How about you? Have any of my cartoons helped you learn something new? I hope so.
About the Illustrations
This week’s collaboration is with friend and colleague Jen Hamilton. Jen’s leading a three day workshop on RCTs in Education. Sadly, I didn’t get this post turned around in time enough for you to register.
These cartoons were created based on an exchange I had with Jen prior to her workshop. The quotes below come from our conversation and sparked each of the individual cartoons.
If you’re interested in the overall RCT debate I stumbled across this nice set of videos from a 2006 Claremont event What Constitutes Credible Evidence in Evaluation and Applied Research? (Found via Gene Shackman’s resource site)

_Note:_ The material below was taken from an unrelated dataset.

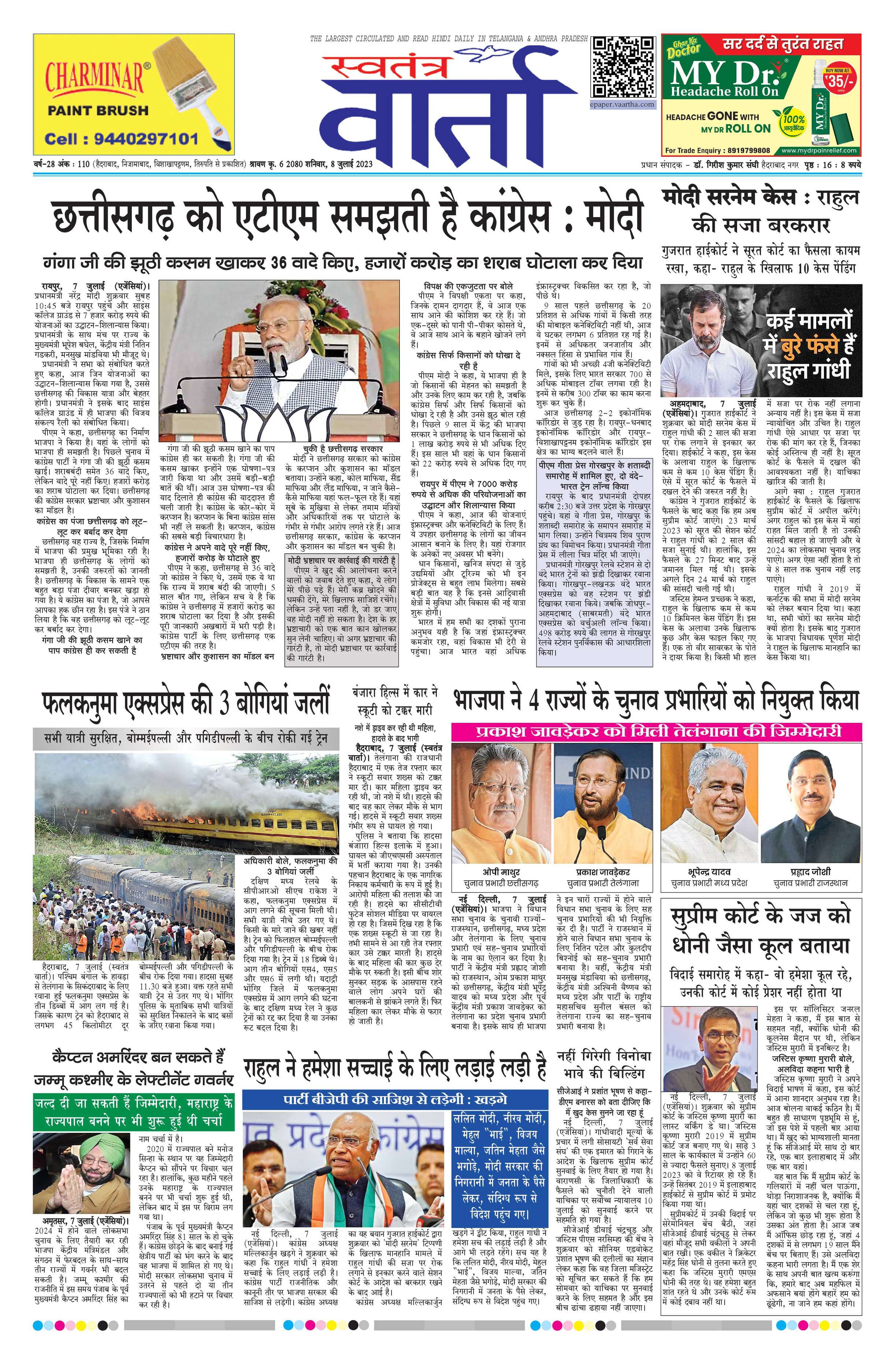 Swatantra Vaartha - 08 Jul 2023 - - Page 1
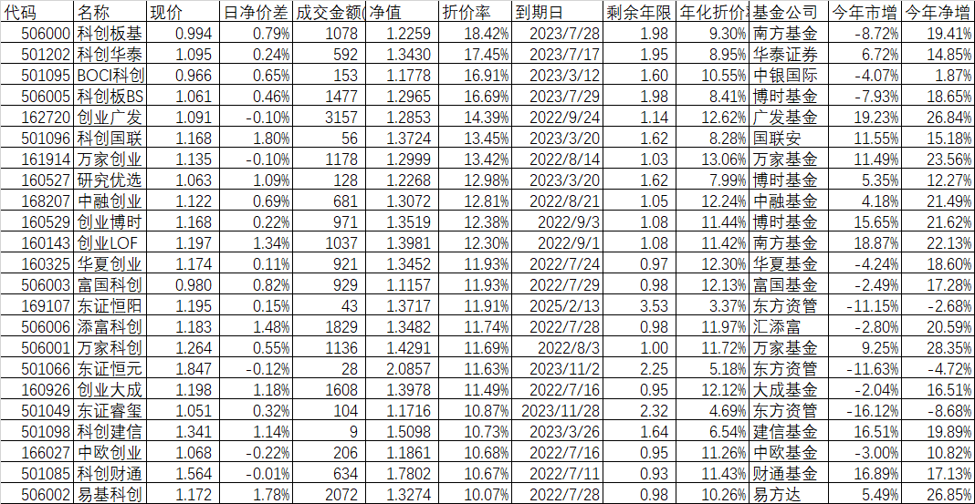 感谢九泰锐益前人投资者的理智,给了我们后人一大块香喷喷的大肉。九泰锐益下周就到期了,唯一还有一只九泰泰富,9月26日也要到期了。不过除了定增基金外,市场上还有不少封基或者定开基金,折价率都不小,下面列出折价率超过10%的封基供参考,因为很多基金都是今年开始上市的,所以今年市增(市价增幅)和今年净增(净值增幅)不是从年头开始算起的,比如在下表中今年净值表现最好的万家科创,净值涨了28.35%,市价才涨了9.25%,但这个9.25%不是从年头开始算起的,即使这样,明年8月3日到期,不到1年的时间,依然有11.69%的折价率。

Looking for more of a straightforward definition, here’s what the Institute of Education Sciences has to offer.
A few notes:
- If you like the post, write a comment and let me know.
- Share it with colleagues. Seeing people sharing my cartoons inspires me to create more cartoons.
- Please feel free to use my cartoons in presentations, training materials, etc.
RCT Pitfalls
Getting active parental consent is hard. It often sounds like we are using kids as lab rats. Or the treatment changes halfway through the evaluation. Those are just a few of the headaches….
Attrition
Even with kids randomly assigned into groups, if your attrition (esp. differential attrition) is high, you just lost the benefits of random assignment. Buh-bye. The sample has changed too much – now you have dropped down to a Quasi Experimental Design from the “gold standard” RCT.
TOT vs ITT
The thing is, the curriculum developers always want the TOT but it’s the ITT that has the rigor.
RCT appropriateness
Can’t assign pregnant women to treatment and control groups, when one group is drinking and smoking, while other is not. Or assign unemployed people to durations of unemployment.
RCT ready
Also, some interventions are just not ready for RCT-land. They are still in the process of being fleshed out and developed.
What else?
What other points about RCTs should I cartoon?
Eduardo
How to defined the treatment group and the control group for an demand driven intervention?
Karen Ball
These are great cartoons to use to make Evidence Based Practice lecture more interesting and reach another domain of learning. Humor.
thank you
Chris Lysy
Thanks Karen 🙂
Jacklyn
my blog post … website (Jacklyn)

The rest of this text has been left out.